きょとんと眼を瞬かせる潤に向かって、泰騎は「問題はお前じゃわ」と、切り出した。
「潤。お前、願い事とか何か無いんか?」
「は?」
いきなり変わった話題に追いつききれていない潤に、返答や反論の隙も与えず、泰騎が畳み掛ける。

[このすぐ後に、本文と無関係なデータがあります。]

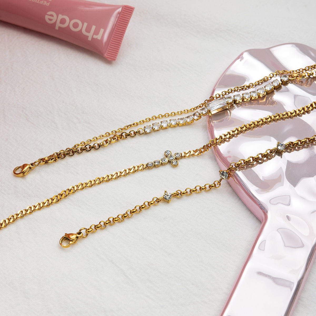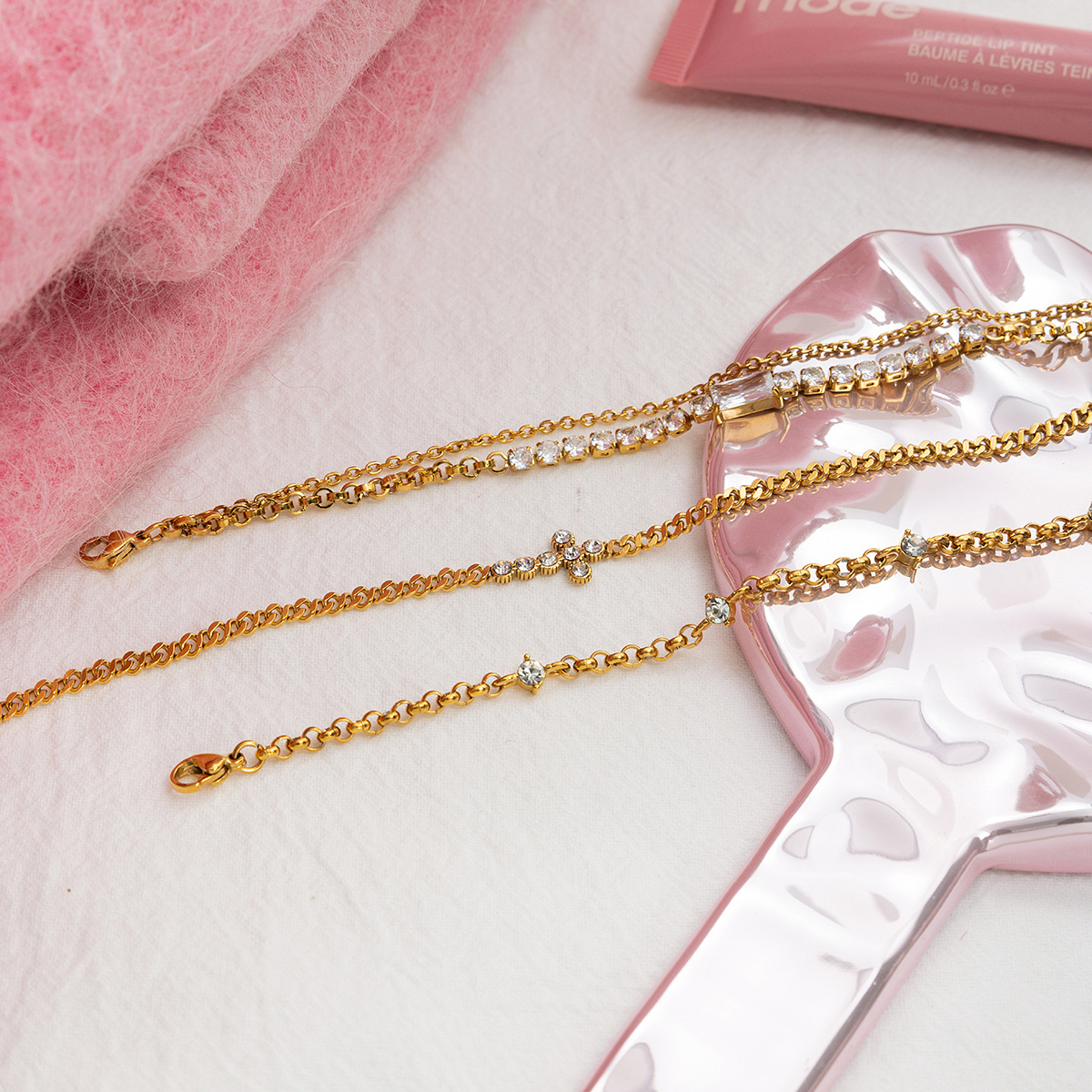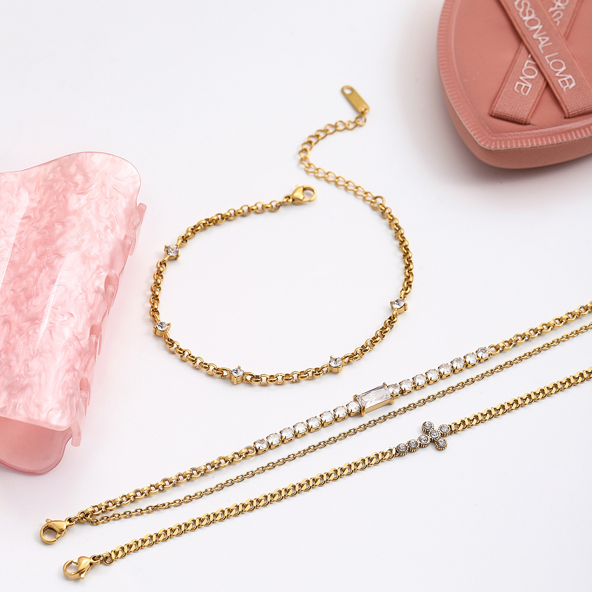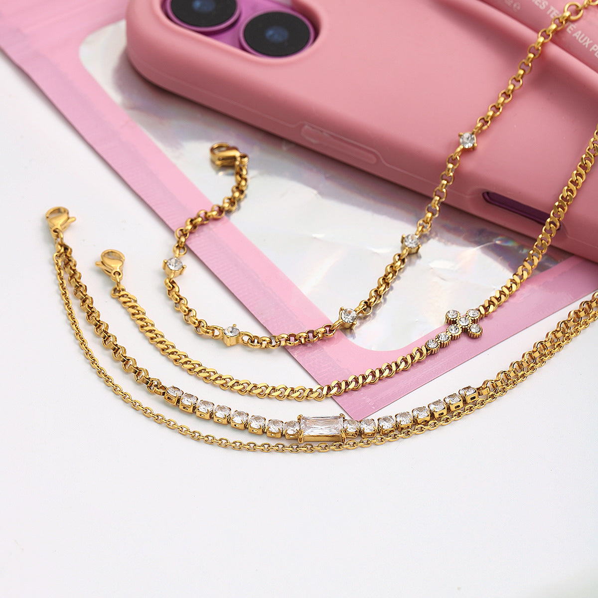 B廠 歐美款 圓形白色鋯石十字鏈 鈦鋼鍍18K金手鍊 批發 折扣@洽客服 25.10.W5「JDB0307032」

「お前、社長に言われたら何でもやるしな。どうせ『死ね』って言われたら死ぬんじゃろ。あぁもう、自分で言って腹が立ったわ。お前、自分の意志で何かやり通すなんて、した事無いじゃろ。少なくとも、ワシが知る限りは無いな。お前には、欲がなさすぎる」
「いや、俺は……人間として扱って貰えれば……それで……」
潤が弱腰で反論するが、泰騎は「違う」と、強い口調で即座に否定した。
潤は眉根を寄せて口を一文字に噤んだまま固まった。
泰騎の苛立った声が続く。
「人間を人間扱いするんは、当たり前じゃろが。そんな、願うまでもねぇ事じゃなくてな……」
泰騎は言葉を一旦止めると、深呼吸を挟んだ。落ち着いて、続きの言葉を潤へと向ける。
「ワシは、潤には自由に生きて貰いたいって思っとるんよ。そりゃ、百パーセントは無理じゃけど……『生きるのが楽しい』って笑って欲しい。もっと、自分がやりたい事、やって欲しい」
「…………やりたい事…………」
潤は頓悟したかのように目の前が明るくなるのを感じた。思えば、自分の行動基準は雅弥の発言だ。いつだったか、雅弥自身にも指摘された事もある。その時は「社長の意志が自分の意志」と思い込んでいて、その自分の考えを疑いもしなかったのだが。